Flathead are still a good target down the straits and along the inside of Fraser, if you can get to them. Whiting fishos have enjoyed what might prove to be the best of their season for the flats, but the big tides will still create opportunity for whiting fans to scope out the skinny waters for their favourite delicacies between spells of inclement weather.
Mangrove jack fans would normally be gearing up and heading for the backwaters of Fraser’s western creeks this time of year and over tides such as right now to boot. The cooler, cloudy and ultimately wet weather might delay those activities a tad but the rise in temperature next week is certainly worth noting.
Hot Reels Pro Fish Charters, getting clients on to some nice lipper.
Burrum Barra and Jacks
The Burrum system’s jacks have been on the chew recently. Not intensely, as can be expected in cooler conditions, but their hunger has spurred them into action all the same. These four rivers offer literally hundreds of potential jack hangouts and could see you targeting rock bars, overhangs, logs, bank slips and man-made structures all in one session.
Smaller 3-4 inch paddle-tailed plastics, prawn imitations and tight-shimmying hardbodies all have the runs on the board for the local jack populations. Once the warmer weather finally arrives, you can add topwater options to that list and really get the adrenalin pumping.

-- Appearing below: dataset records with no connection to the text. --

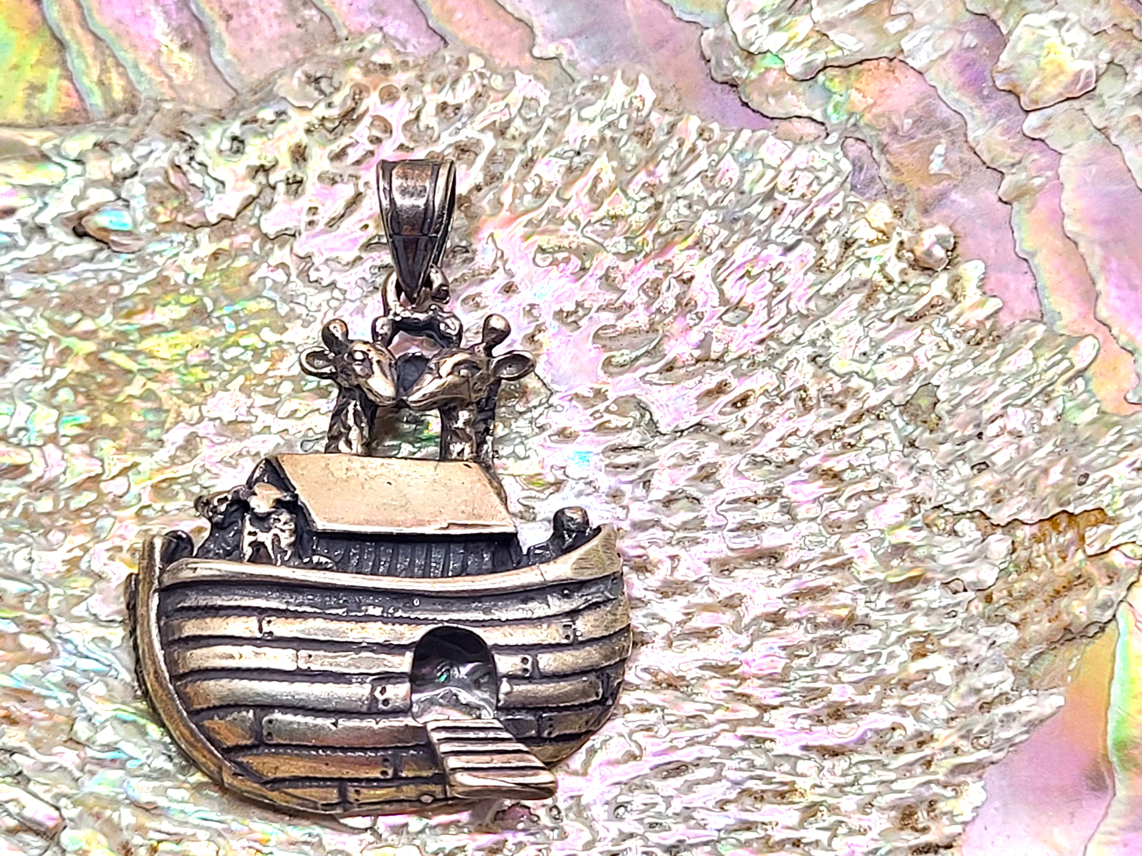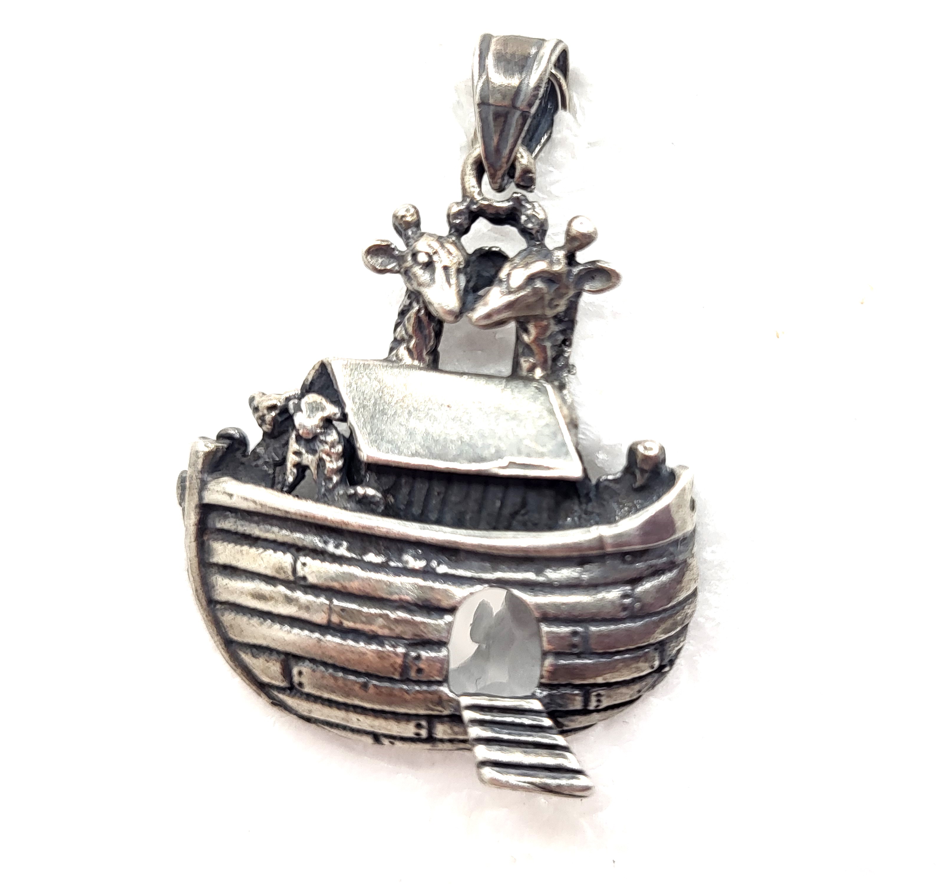 This is a sterling silver pendant, circa mid-’90’s. The figural pendant depicts Noah’s Ark, with giraffes, a lion cub, a lamb, and perhaps, Noah himself?. Feel free to give us your opinion of the figure at the stern! The pendant measures approximately 1.5" x 1.75" and has a bail that can accommodate an approximate 4mm wide chain. The hallmark on this pendant is G.S.J. with the copyright mark. (Gold Stone Jewelry-no import stamps indicating made somewhere other than (the US) America. This is much nicer looking than others seen online that appear to have been recast from an original.
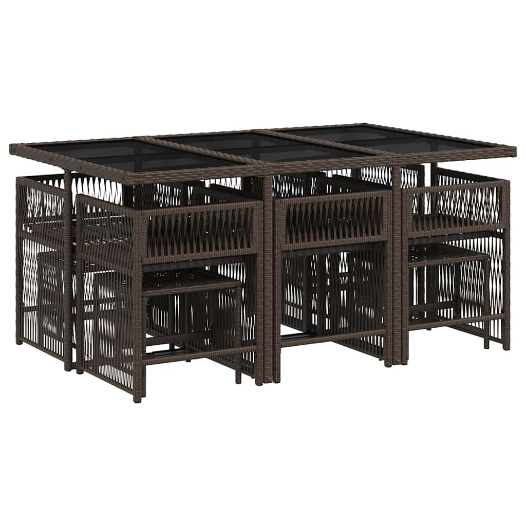 Diese Garten-Essgruppe ist eine ideale Wahl für Mahlzeiten im Freien oder einfach nur zum Entspannen im Garten, Hinterhof oder auf der Terrasse. Langlebiges Material: PE-Rattan, auch als Poly Rattan bekannt, ist ein robustes, pflegeleichtes synthetisches Material, das die Optik von natürlichem Rattan aufweist. Es kennzeichnet sich durch ein geringes Eigengewicht und lässt sich einfach reinigen. Aufgrund seiner Haltbarkeit und Witterungsbeständigkeit wird es häufig bei der Herstellung von Gartenmöbeln verwendet.Platzsparende Aufbewahrung: Dank der klappbaren Rückenlehnen lassen sich die Stühle unter dem Tisch verstauen, sodass die gesamte Essgruppe bei Nichtgebrauch eine platzsparende Würfelform bildet.Bequemes Sitzerlebnis: Dieser Gartensessel mit dick gepolsterten Kissen bietet ein angenehmes Sitzgefühl.Abnehmbarer und waschbarer Bezug: Die Sitzkissen verfügen über abnehmbare Bezüge, die sich ganz einfach waschen und reinigen lassen. Dank der Klappen an der Rückseite können die Kissen ganz einfach an den Rückenlehnen befestigt werden.Tischplatte aus Glas: Die Tischplatte des Gartentisches besteht aus starkem und langlebigem Hartglas, sodass sie leicht mit einem feuchten Tuch gereinigt werden kann und deinem Außenbereich einen Hauch von Eleganz verleiht. Gut zu wissen:Wir empfehlen dir, deine Gartenmöbel mit einer wasserdichten Hülle zu schützen, um lange Zeit eine ansprechende Optik aufzuweisen.
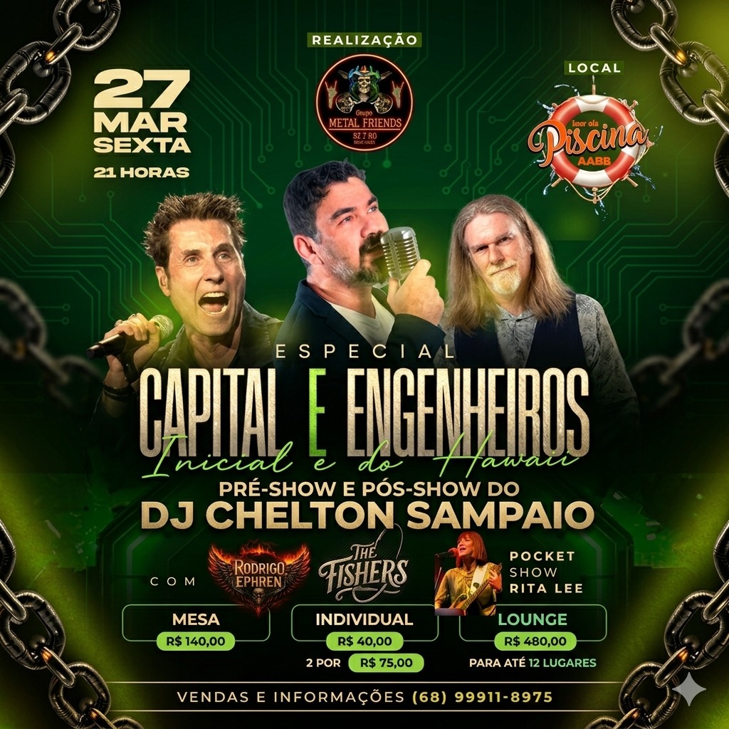 Está tudo pronto para a homenagem em dose dupla das bandas que marcaram época no cenário musical do Brasil: Capital Inicial e Engenheiros do Hawaii, a partir das 21 horas no Bar da Piscina da AABB.
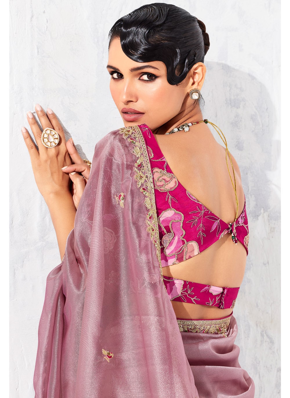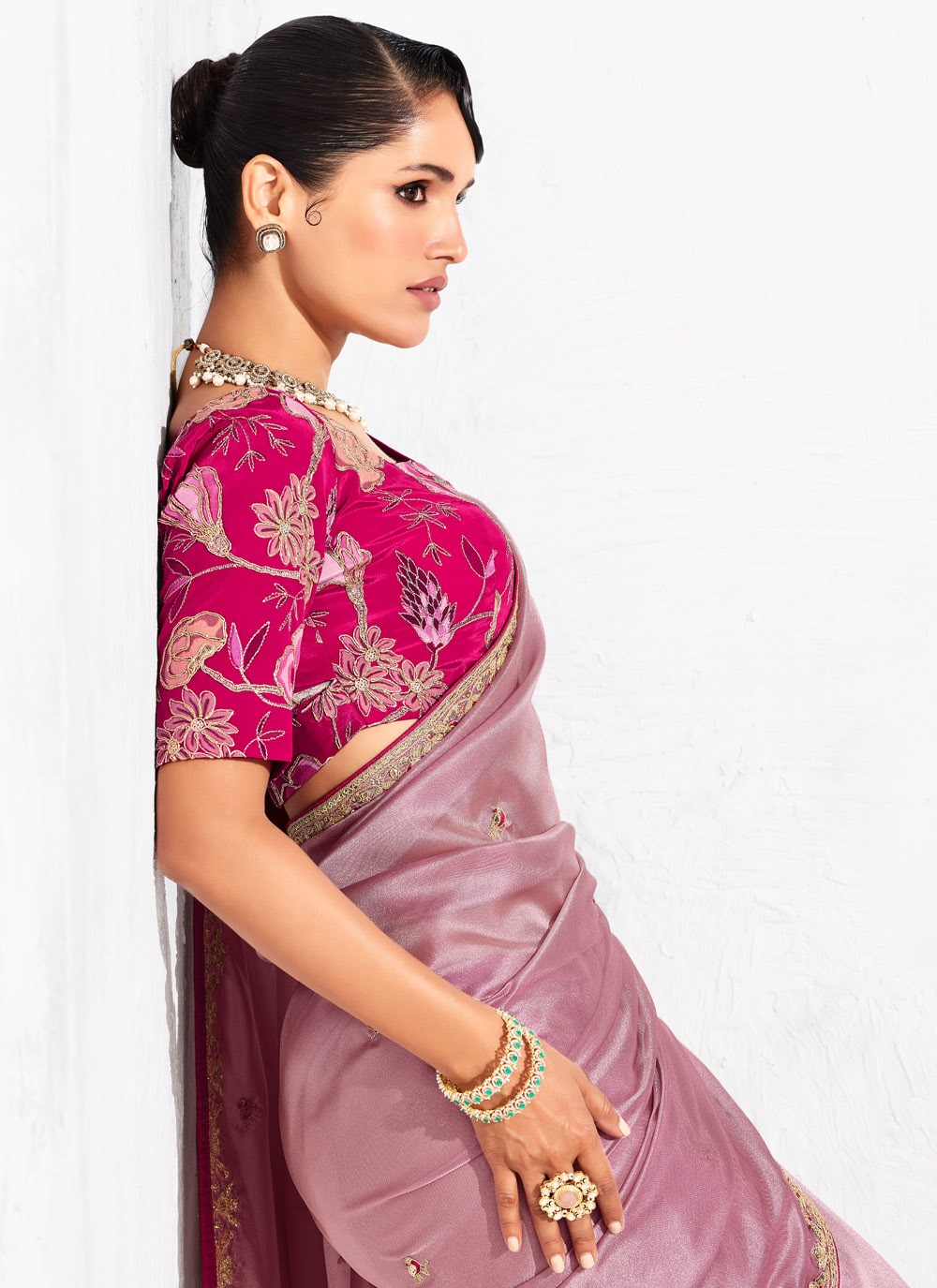 This trendy pink embroidered saree crafted from fancy fabric blends elegance with comfort. The stunning border embroidery enhances its charm, giving you a refined and feminine look suitable for parties and receptions. Comes with matching blouse.
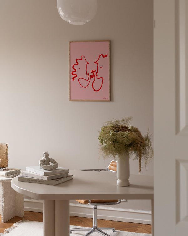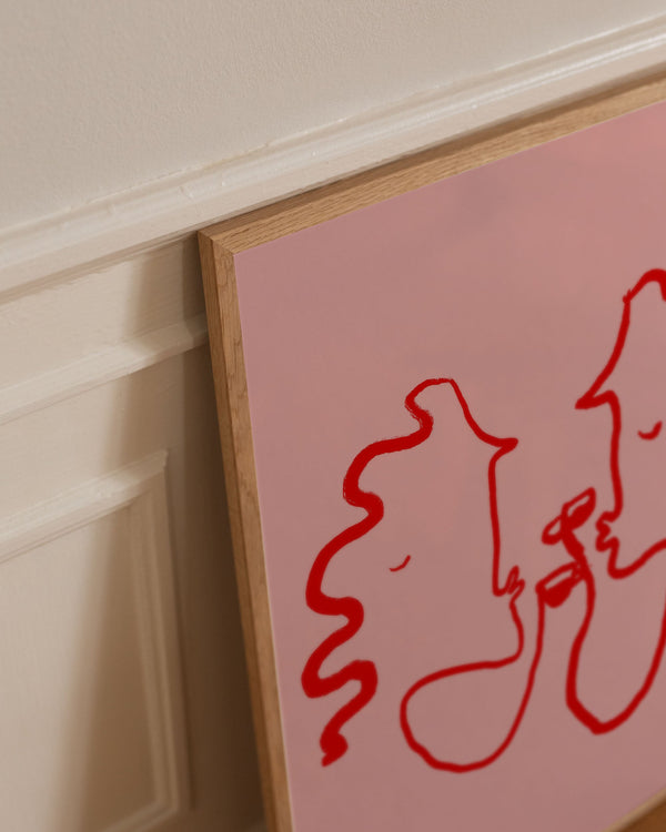 The art poster "PINK LOVERS" by the artist Ruby Hughes is an illustrated poster curated for Peléton. The art poster is produced on quality paper, with long durability and detailed color reproduction.
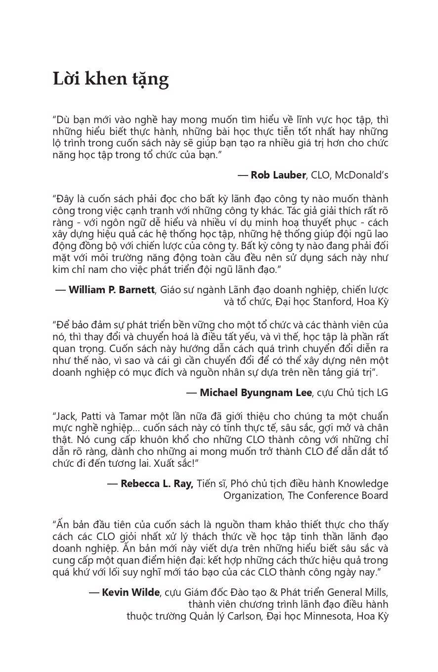 “Đây là cuốn sách phải đọc cho bất kỳ lãnh đạo công ty nào muốn thành công trong việc cạnh tranh với những công ty khác. Tác giả giải thích rất rõ ràng - với ngôn ngữ dễ hiểu và nhiều ví dụ minh hoạ thuyết phục - cách xây dựng hiệu quả các hệ thống học tập, những hệ thống giúp đội ngũ lao động đồng bộ với chiến lược của công ty. Bất kỳ công ty nào đang phải đối mặt với môi trường năng động toàn cầu đều nên sử dụng sách này như kim chỉ nam cho việc phát triển đội ngũ lãnh đạo.” - William P. Barnett, Giáo sư ngành Lãnh đạo doanh nghiệp, chiến lược và tổ chức, Đại học Stanford, Hoa Kỳ
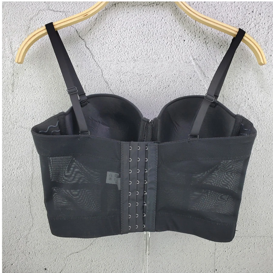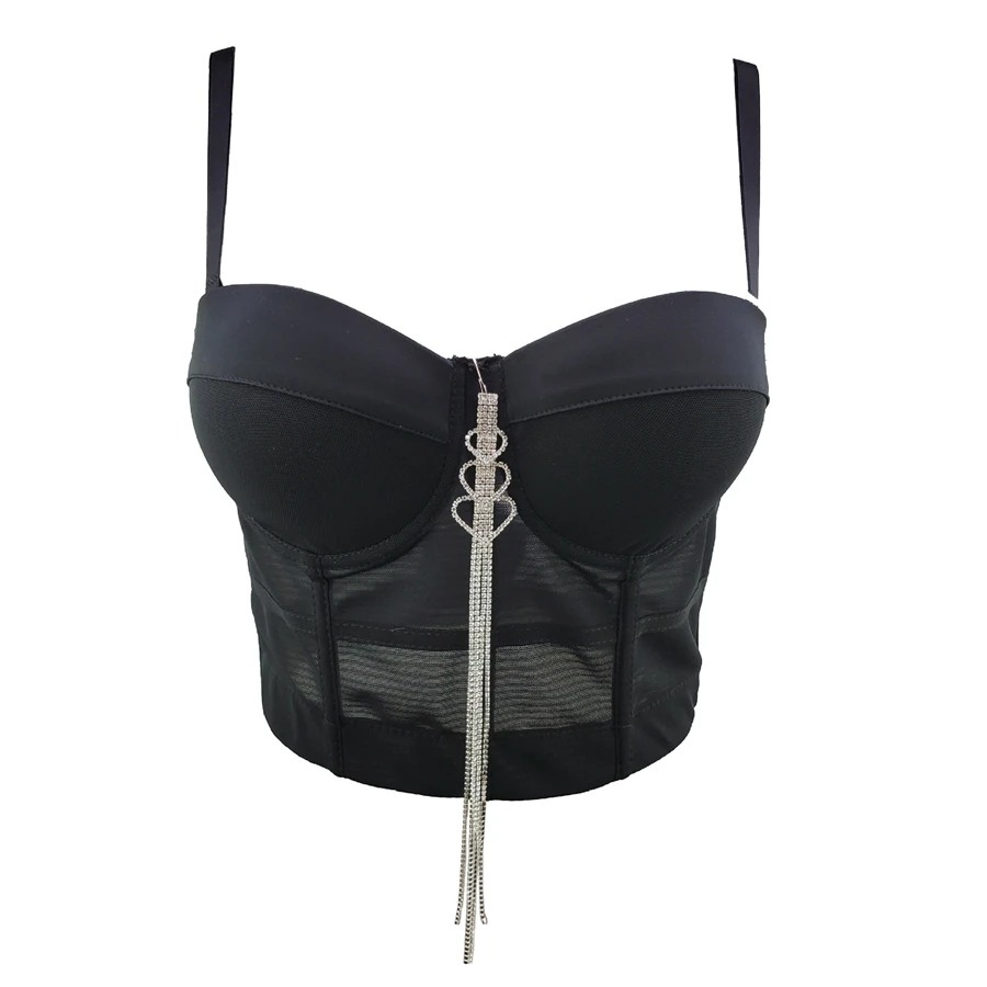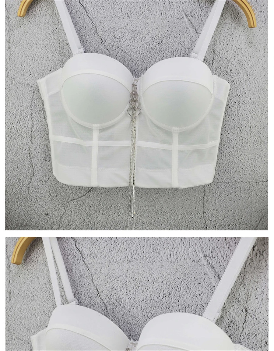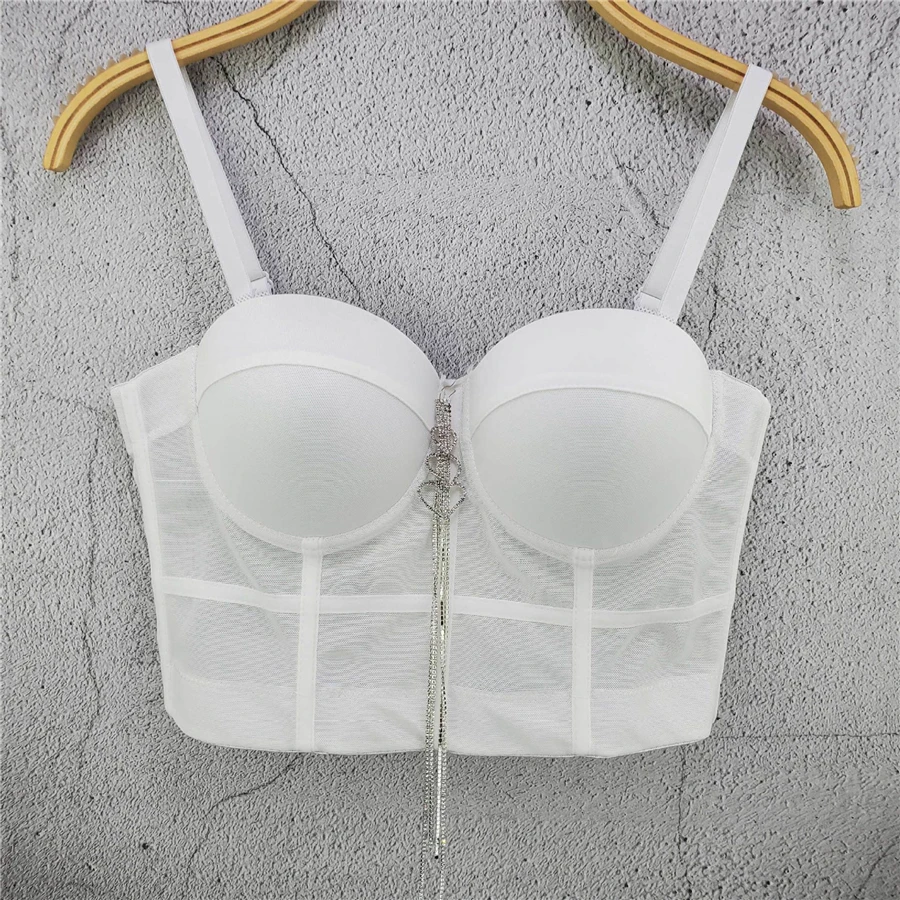 Летний укороченный топ, сексуальные сетчатые стразы, на тонких бретелях, женский укороченный топ для ночного клуба, вечеринки, корсет с эффектом пуш-ап, бюстье, майка, встроенный бюстгальтер
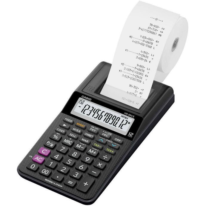 Αρισθμομιχανη Casio HR-8RCE φορητός υπολογιστής με κομψό σχεδιασμό. Διαθέτει πολλά χαρακτηριστικά με γρήγορη ήσυχη ταχύτητα εκτύπωσης 2 γραμμών ανά δευτερόλεπτο.
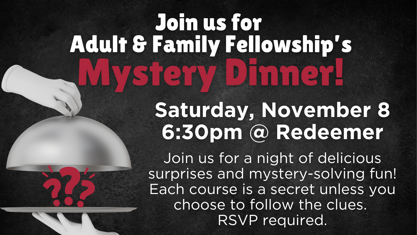 Join us for our first ever mystery dinner! This will be an event you won’t want to miss. Open to all ages. RSVP is required for this event. We will have a free will offering for The Helping Hand and Free Little Pantry.

The barra have been on the chew up that way and some crews and solo fishos are scoring quite good numbers some days. The water conditions vary as you travel and so does the condition and enthusiasm of the fish.
The waters in the upper reaches are somewhat nasty and devoid of any significant baitfish. There are carcasses of dead bass floating on the surface, all victim of the salty waters and their inability to return upstream after flooding. Unfortunately, the masses of mongrel tilapia seen milling about amongst the snags seem healthy and happy.
Barra that suffered injuries from their misadventures during summer and autumn flooding events can be found in these waters. Perhaps they are still in a weakened state, evidenced by their lack of fight. They have already copped a bit of a flogging this season and are a little lure-shy in many cases.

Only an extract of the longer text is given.